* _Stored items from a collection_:
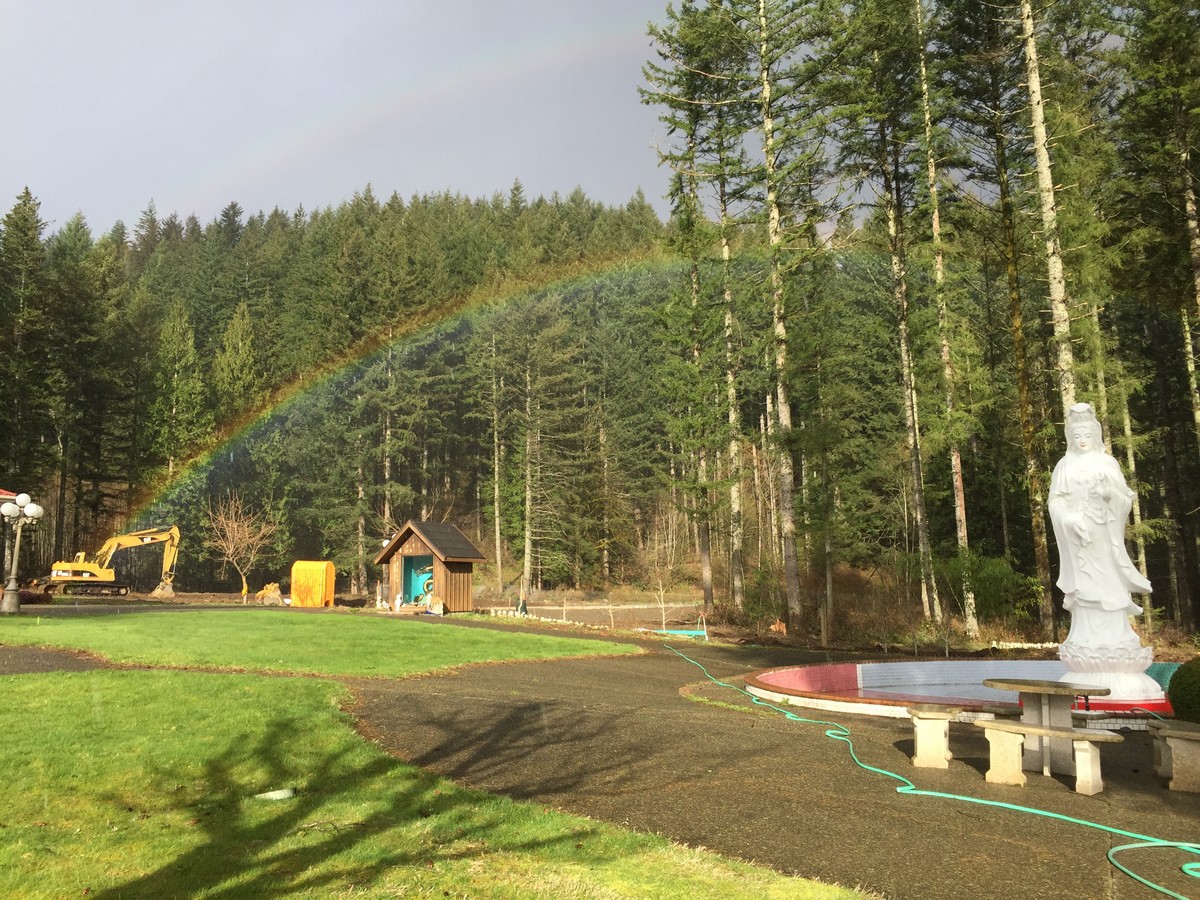 瑤池金母的夢示應驗了,於是大家乘著車追尋這天下第一大彩虹升起的地方,就是彩虹山莊所在地。根本上師初到該地時,該大地靈的一切山神土地護法,多數雲集在一起,都願作助緣,更有亥母賜予甘露妙味,諸佛菩薩降臨放光加持,可說虹光閃耀,花雨繽紛,天樂充滿,遍滿虛空,嘆未曾有。
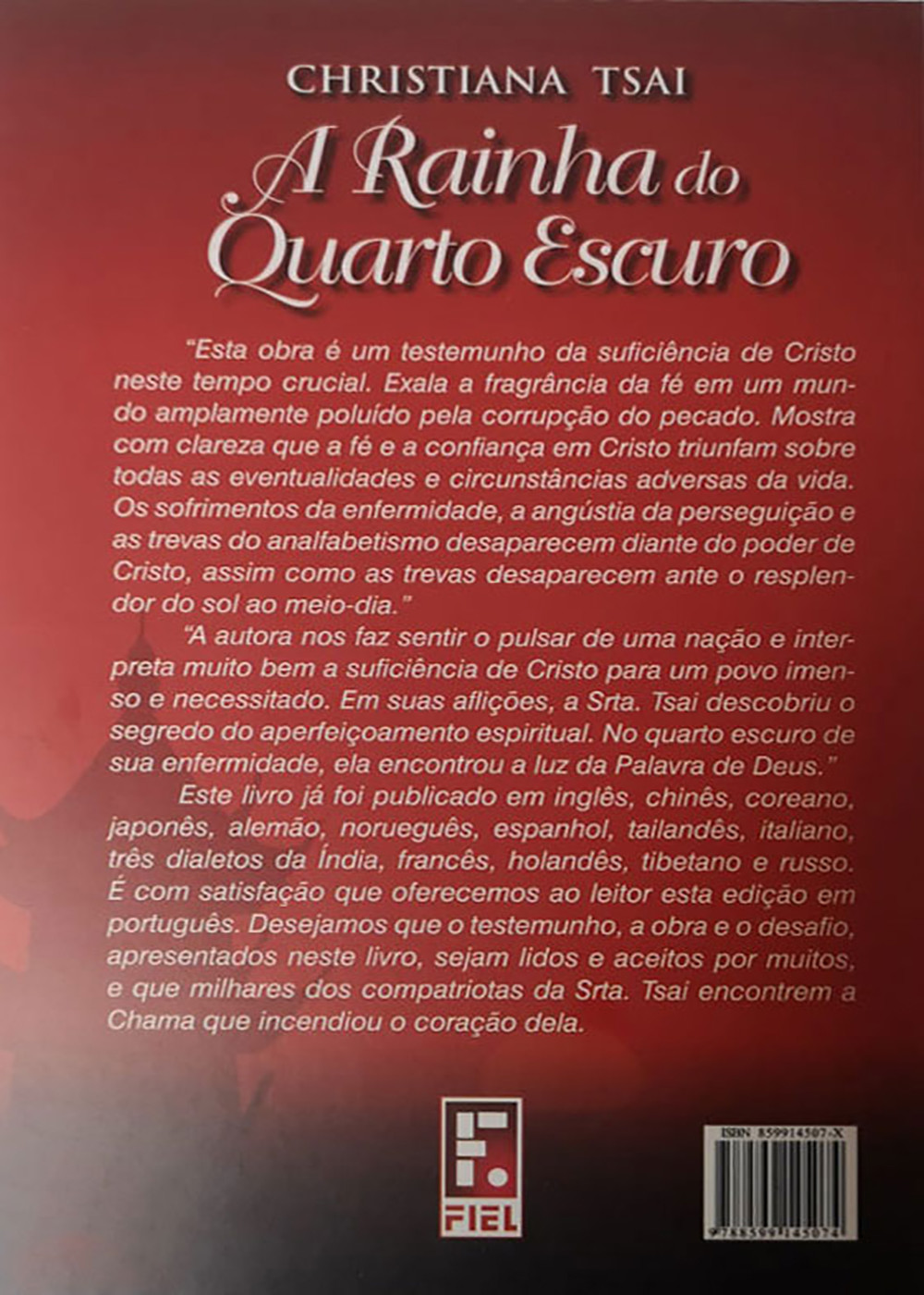 "A autora nos faz sentir o pulsar de uma nação e interpreta muito bem a suficiência de Cristo para um povo imenso e necessitado. Em suas aflições, a Srta. Tsai descobriu o segredo do aperfeiçoamento espiritual. No quarto escuro de sua enfermidade, ela encontrou a luz da Palavra de Deus."
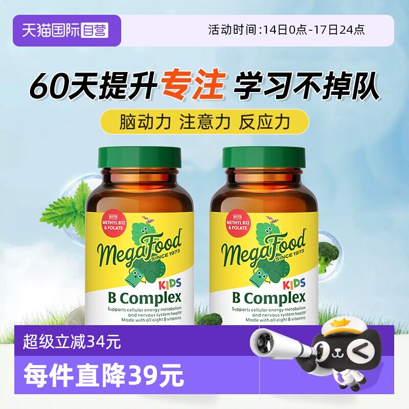 【自营】2瓶装儿童b族复合维生素vb12b6学生集中注意力专注不多动
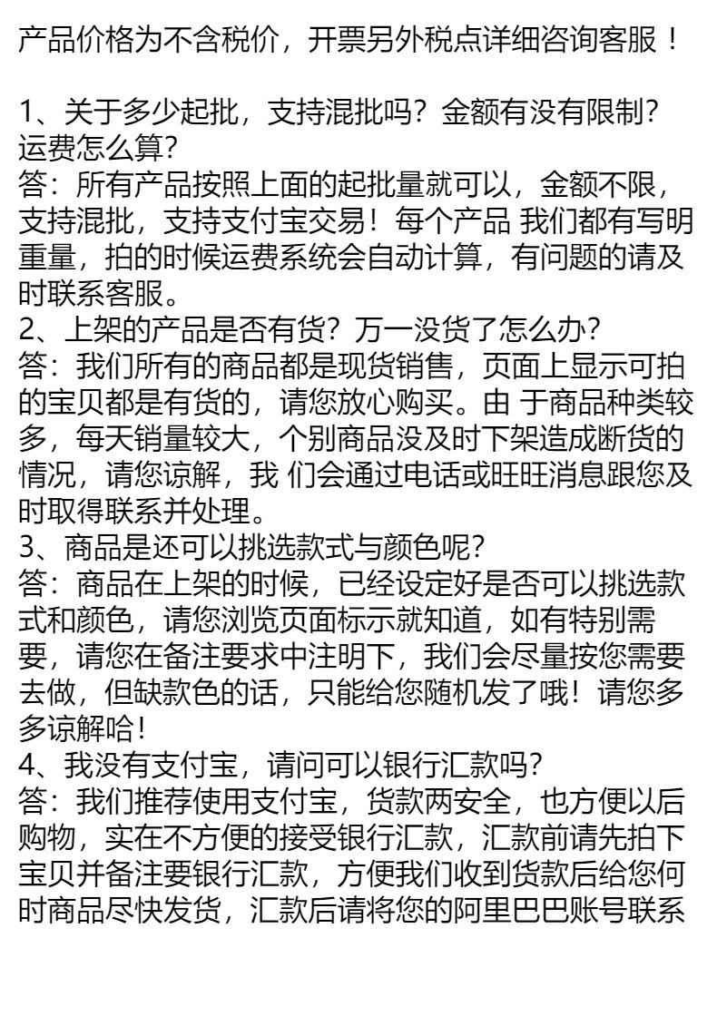 1688온라인 사이트에서 검색된 상품입니다. 알리타플에서는 상품검색/현지구매(구매대행)/국제배송 업무만 제공해드립니다. 해당 상품의 품질 및 상태에 대해서는 확인해 드릴 수 없고 해당 물건이 입고가 된 후에 검수과정을 거쳐야 확인이 가능합니다.
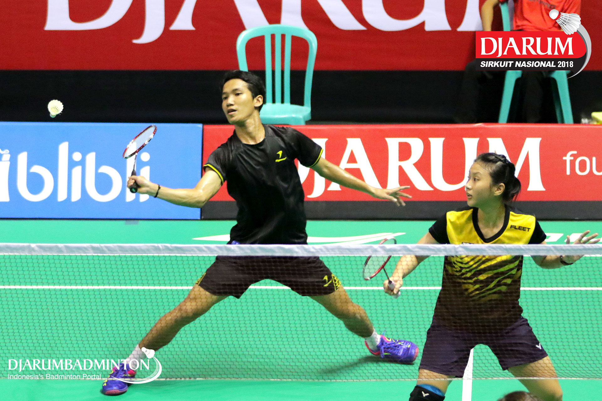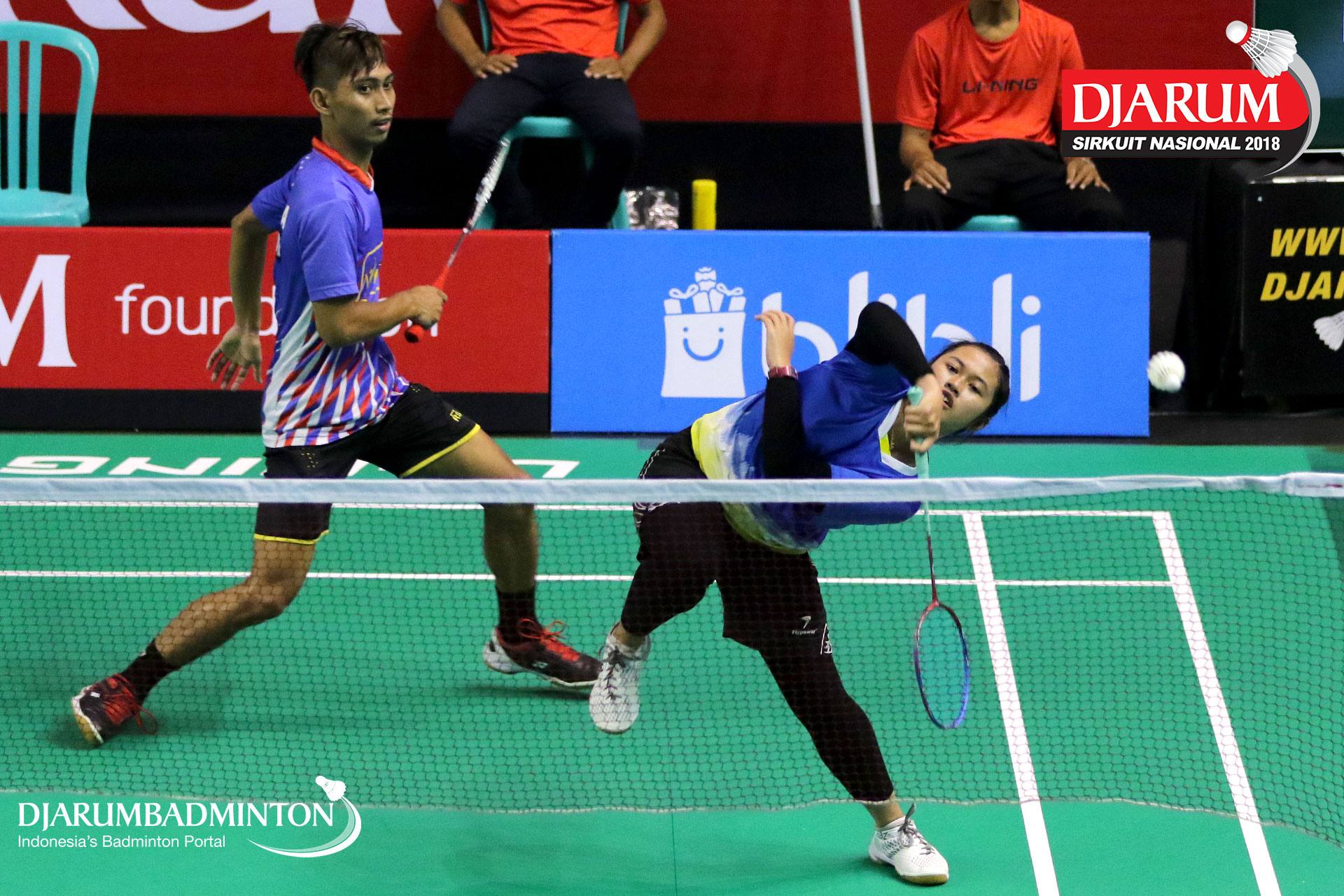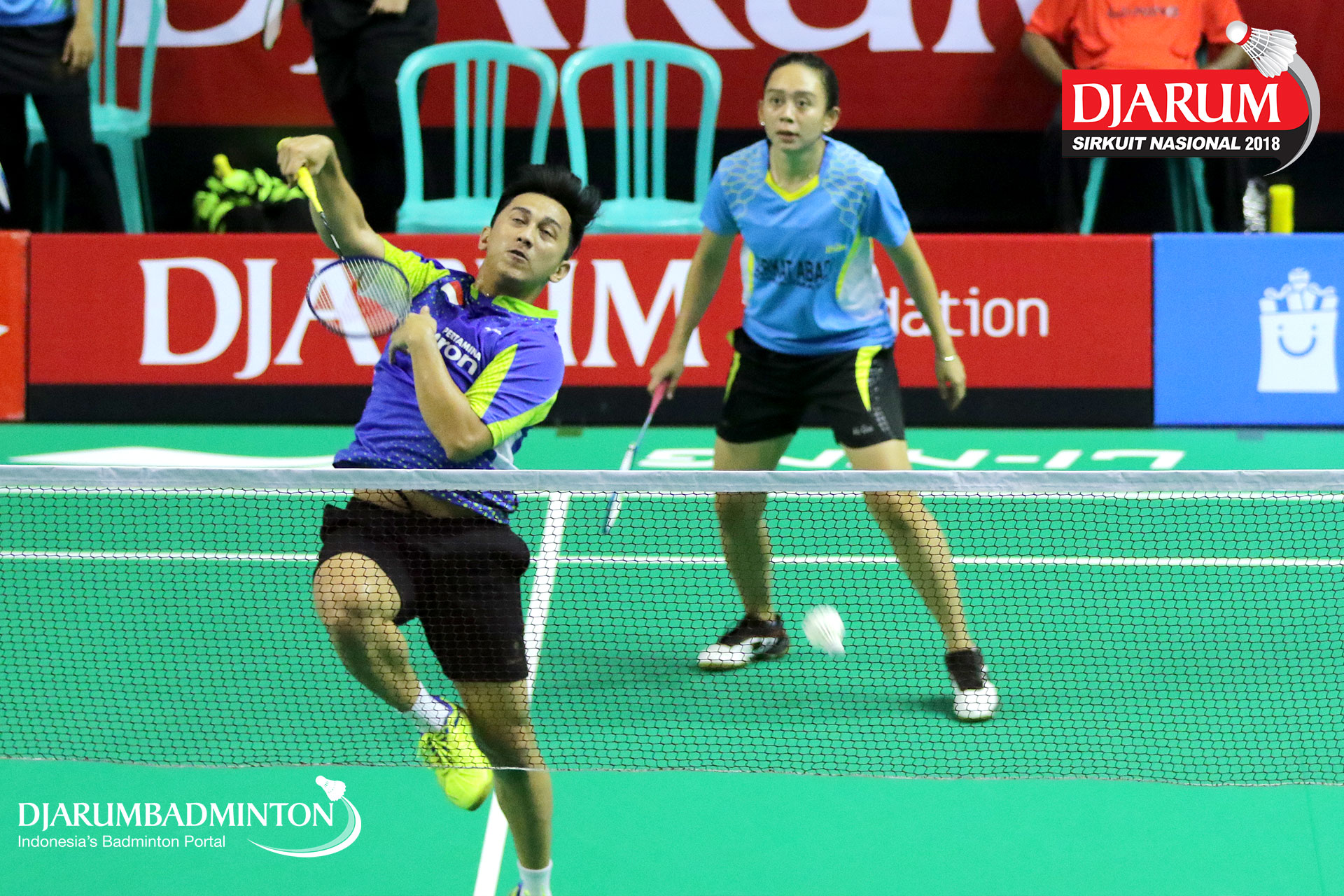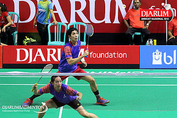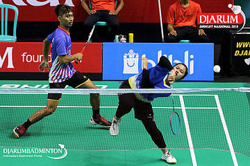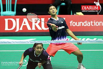 Rizko Asuro/Keshya Nurvita Hanadia (Pertamina Fastron, Jakut+Berkat Abadi, Banjar) menyambar pengembalian

* _Prompt_:
Write every record out again exactly as written. Pictures don't belong in the copy.

* _Exercise output_:
 瑤池金母的夢示應驗了,於是大家乘著車追尋這天下第一大彩虹升起的地方,就是彩虹山莊所在地。根本上師初到該地時,該大地靈的一切山神土地護法,多數雲集在一起,都願作助緣,更有亥母賜予甘露妙味,諸佛菩薩降臨放光加持,可說虹光閃耀,花雨繽紛,天樂充滿,遍滿虛空,嘆未曾有。
 "A autora nos faz sentir o pulsar de uma nação e interpreta muito bem a suficiência de Cristo para um povo imenso e necessitado. Em suas aflições, a Srta. Tsai descobriu o segredo do aperfeiçoamento espiritual. No quarto escuro de sua enfermidade, ela encontrou a luz da Palavra de Deus."
 【自营】2瓶装儿童b族复合维生素vb12b6学生集中注意力专注不多动
 1688온라인 사이트에서 검색된 상품입니다. 알리타플에서는 상품검색/현지구매(구매대행)/국제배송 업무만 제공해드립니다. 해당 상품의 품질 및 상태에 대해서는 확인해 드릴 수 없고 해당 물건이 입고가 된 후에 검수과정을 거쳐야 확인이 가능합니다.
 Rizko Asuro/Keshya Nurvita Hanadia (Pertamina Fastron, Jakut+Berkat Abadi, Banjar) menyambar pengembalian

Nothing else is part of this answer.